Not Normally Distributed Data and Running Parametric Test: Yes We Can

This is my question every time I teach Generalizability Theory : Can we run a parametric test in non normal distribution data ? As far as I remember, all of them answer NO.

Which is NOT TRUE.
“You do NOT have to have normally distributed data. Anyone who says so is revealing his ignorance of basic statistical theory” , (Bloch & Norman , 2012)

In case of G-Theory, which is based on ANOVA, it is often that they questioning the non parametric data from the exam result whether we are able to run it in G-Theory analysis. Well, Bloch and Norman answered it. If you are not satisfied with the argument, please write comment to the respectful journal. Even I did analyze binary data, and gave beautiful  result as I expected, and it called G-Kappa.

There are several things came to my mind when somebody said that the exam score result is not normal distribution (in MCQ or OSCE exam)

Firstly, you have to understand the nature of the exam. In OSCE, it is kind of exam that actually set up that the student have to pass a minimum requirement skills. For example, assess the capability of the student to do CPR.
Let say score (scale 0-100), in OSCE it is often the score mean around 60-70. Why ? Because the majority of the students should be able (or pass) the exam, otherwise the education process is failed. It is being setup in order to make the student able to pass certain level of skills.

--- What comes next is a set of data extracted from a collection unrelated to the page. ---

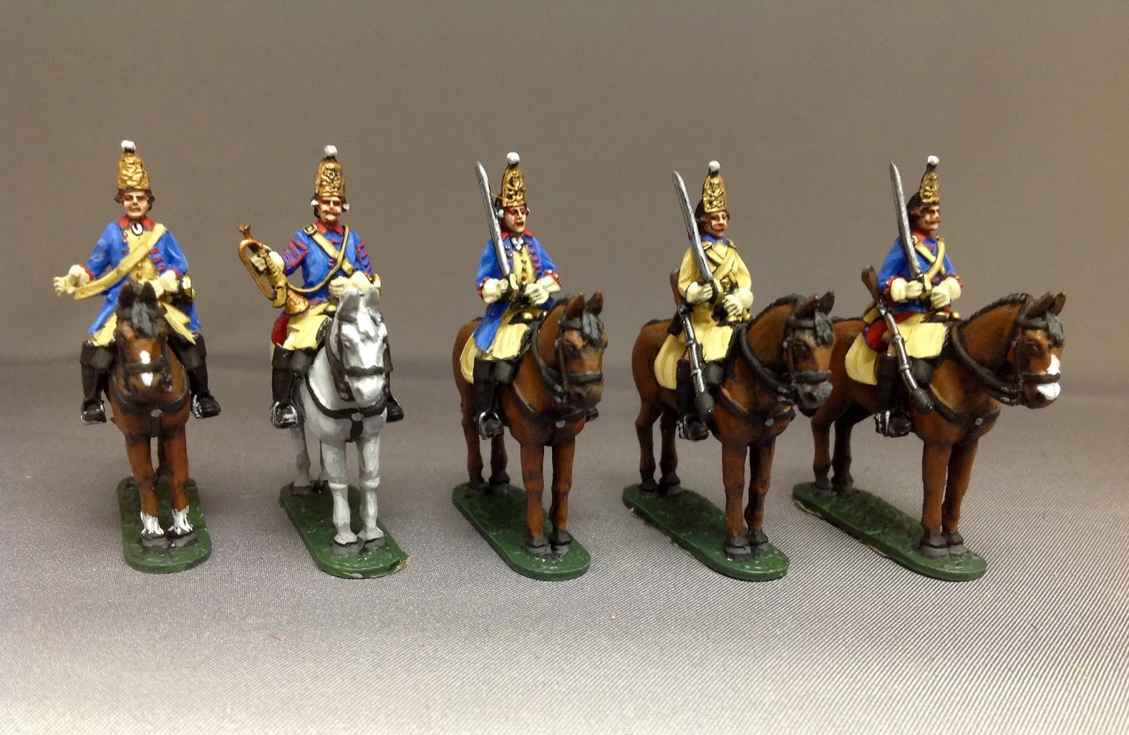Very nice! I find the Horse Grenadiers are under-modeled, as the Russians made much use of them in the SYW (in contrast to the dragoons, of which exactly 3 regiments saw any action) Love the look and especially the buff coloured waistcoats – also love the Minden Miniatures lean and mean minis |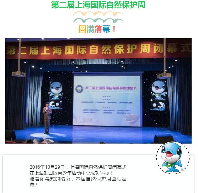 “上海国际自然保护周”是上海举办的一场有国际影响力的、以保护自然为主题的大型科普公益活动,由上海市科学技术委员会、上海市教育委员会、上海市环境保护局、上海科普教育发展基金会共同主办,以“记录自然、感受自然、揭秘自然、呵护自然”为永恒主题。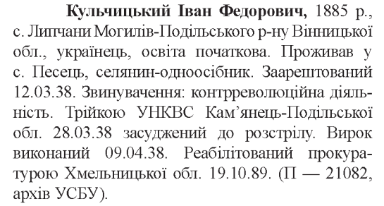 Соціальне походження: н/дОсвіта: початковаПрофесія (місце роботи): одноосібникЗаарештований: 12.03.1938Звинувачення: "контрреволюційна діяльність"Трійкою УНКВД Кам'янець-Подільської обл. засуджений до розстрілуДата вироку: 28.03.1938Іван Кульчицький розстріляний 09.04.1938 р.Реабілітований: Прокуратурою Хмельницької обл. 19.10.1989
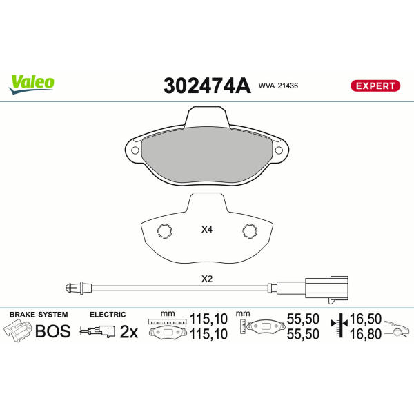 Sada brzdových destiček, kotoučová brzda VALEO 302474
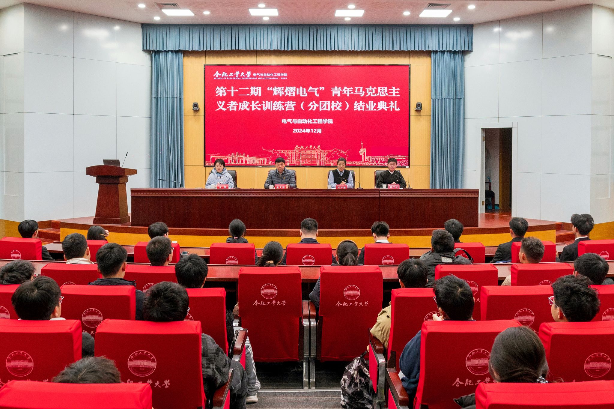 第十二期“辉熠电气”青年马克思主义者成长训练营(分团校)结业典礼在学术会议中心一楼大报告厅举行。学院副处级组织员施大顺、学工办主任兼团委书记刘开阳、学工办副主任兼团委副书记左能、分团校班主任及全体学员参加典礼。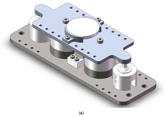 In the analysis of the kinematic accuracy of the flexible hinge, the displacement of the geometric center of the flexible hinge, that is, the displacement of the deflection center of the flexible hinge, is generally used as a quantitative measure of the kinematic accuracy of the flexible hinge []. In this FSM, the repeated positioning accuracy is rad. The displacement of the center point, according to the formula of material mechanics, is obtained as follows.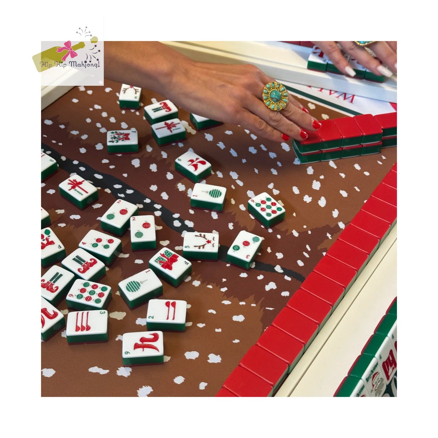 Acrylic hand-painted tiles, with a thoughtful design to spread Holiday Cheer to you & your Mahjong group! Rudolph certainly has had his fair share of the lime light and these tiles will too! This collection takes center stage with a 3 layer tile in winter green, rudolph red and white snow. Each tile shows off cheery images telling a festive story each time you play! But what truly makes this set glow are the bams, 1-9 builds a Rudolph! Symbolizing the inner struggles we all face, letting go of the judgement from others, our need for approval, learning to accept ourselves for who we are created to be and ultimately shining our light. May we all love our inner Rudolph despite what people say, think or do to us! Get ready to be obsessed with this unique tile size! Lines up on the rack perfectly.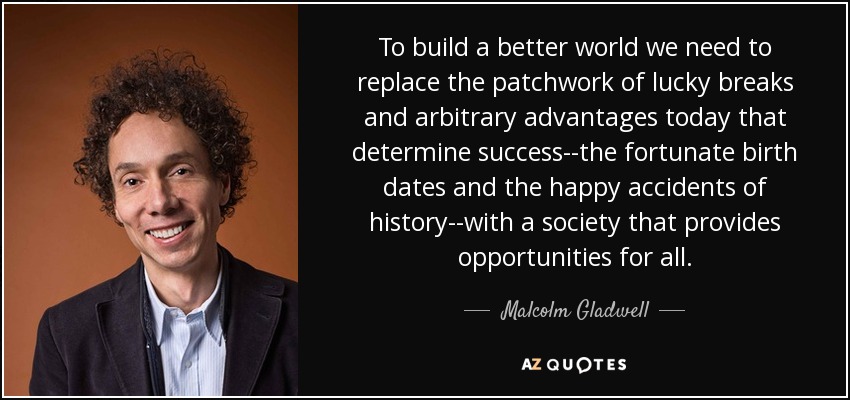 To build a better world we need to replace the patchwork of lucky breaks and arbitrary advantages today that determine success--the fortunate birth dates and the happy accidents of history--with a society that provides opportunities for all.
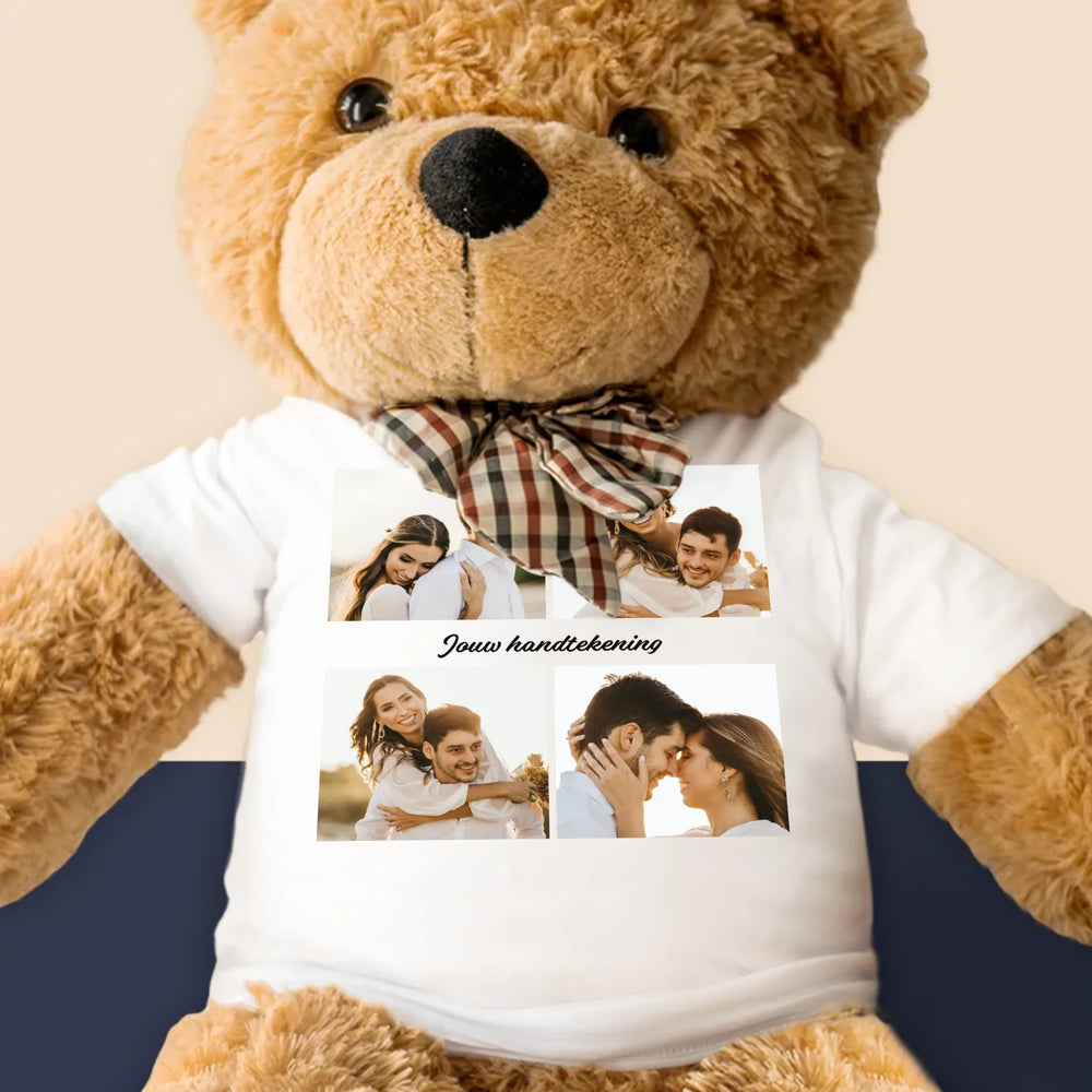 Fotocollage: 4 Foto'S En Handtekening - Knuffelbeer 90cm
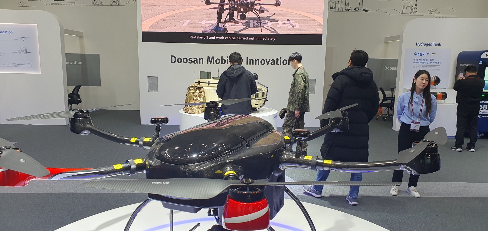 두산 모빌리티 이노베이션은 역시 수소 드론에 주력하는데 확실히 일반 드론과 수소 드론은 육안으로도 차이가 났습니다.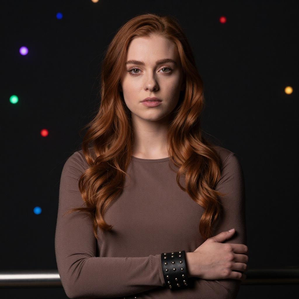 Photograph of a young woman with long, wavy, auburn hair, wearing a brown, long-sleeved shirt with black, studded cuffs. She stands against a dark, starry background with colorful, out-of-focus lights. She gazes softly at the camera, her right arm crossed over her chest, left hand resting on her right arm.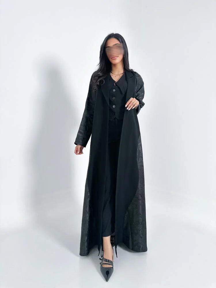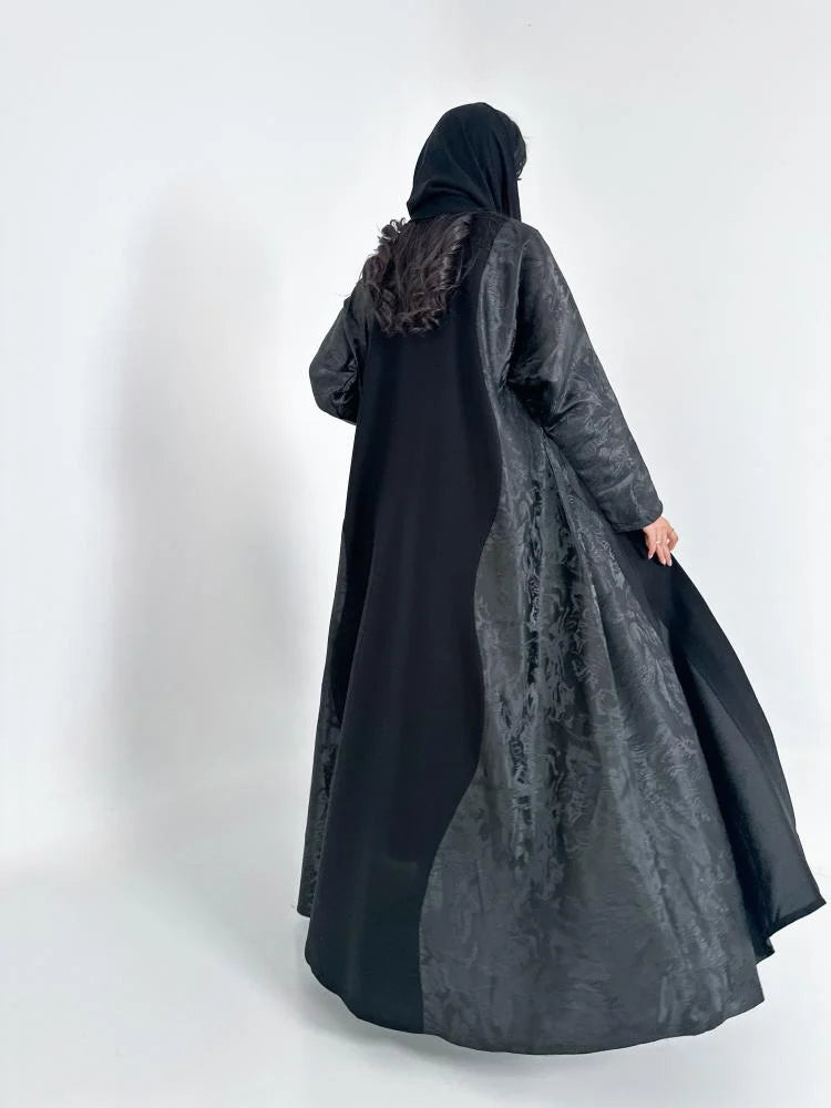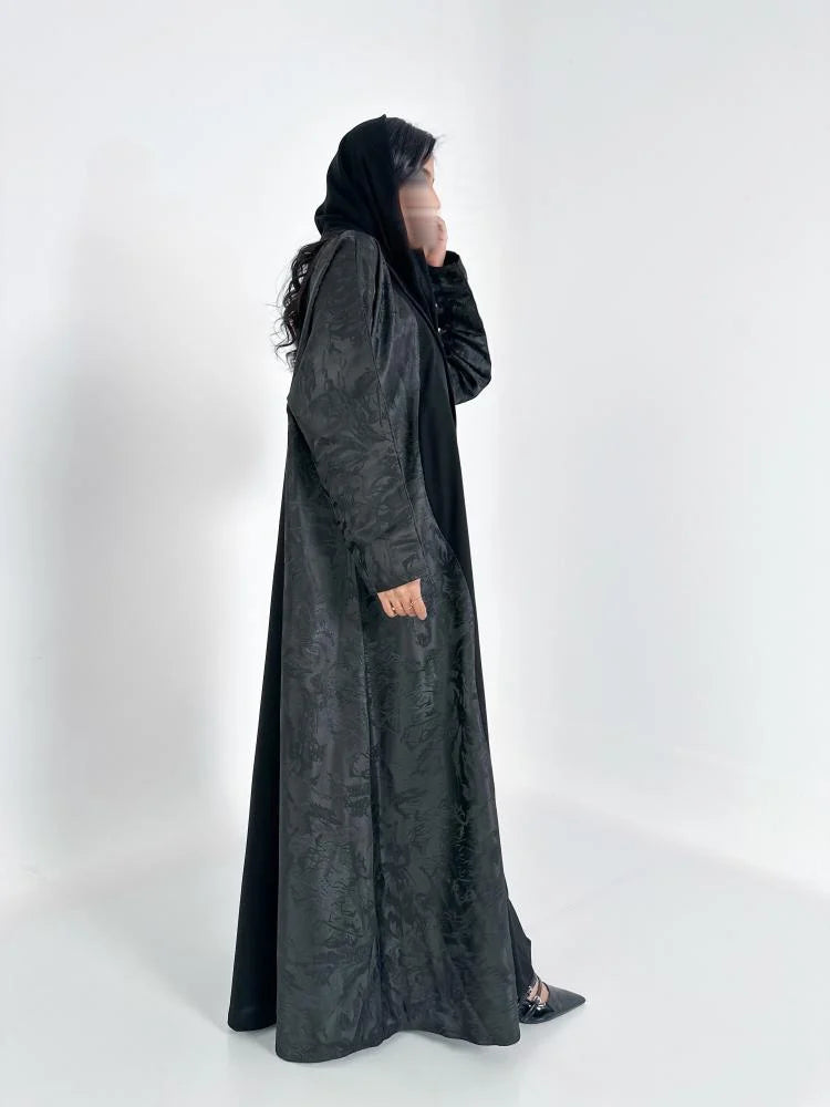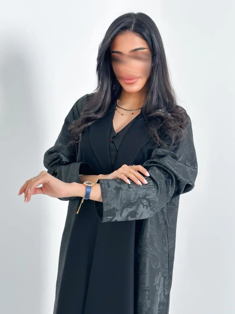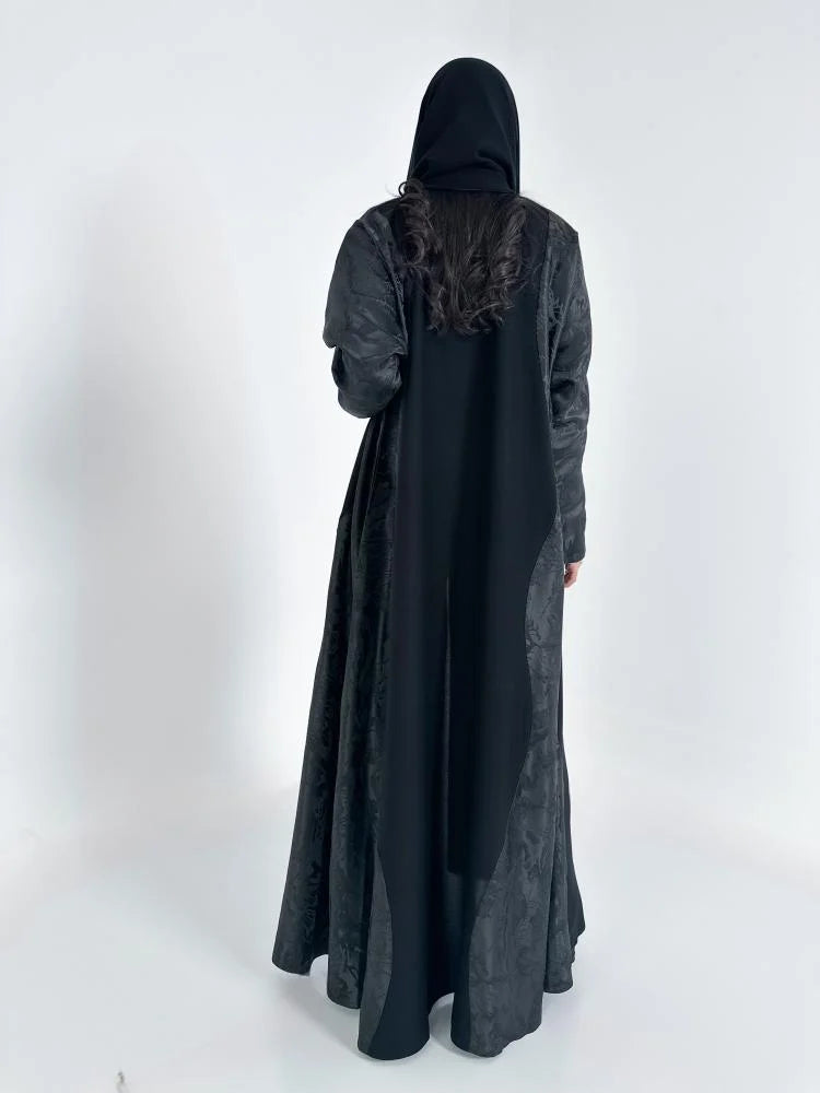 عباية كريب واقف مع جاكار اسود فرمادي كلوش

It will be different with an MCQ test, we want to whether the student is able to understand the material or not. Which one is the smart students, which students are below the average. We have to understand and reflect back to the Classical Test Theory (CTT), then we will understand why the result should be in (around) the middle.

In MCQ, if the mean is way on the right side, it will raise you question, is it to easy ? or did it breach ? or did you gave the same question from year to year ? This could give you non normal distribution.

Secondly, if you have 100 students, are you sure that they are in the same level of knowledge ? As if you run a test in 90 students with the same question, to 30 year two, 30 year four and 30 year six of elementary school. Or in our exam, that administered in 3 rooms, had a breach in of the room. The homogeneity test will say that is not equal. And I guess that the score of the test could end up not be normal distribution.

There could be more than that, usually. I am by no mean a statistic expert, but that is how I try to understand an assessment. I try to figure where could be the error happened in a test. And if all possible preparation to create a good exam has been taken seriously, than a non normal distribution of the exam result is something worth to explore. But most of the time, there are something wrong in the exam it self. And I know, it is difficult to make a good exam. Therefore, the result, should be in normal distribution, but because there are some error in the exam, it crate different result.

References
Bloch, R. & Norman, G. (2012) Generalizability theory for the perplexed: A practical introduction and guide: AMEE Guide No. 68. Medical Teacher. [Online] 34 (11), 960–992. Available from: doi:10.3109/0142159X.2012.703791.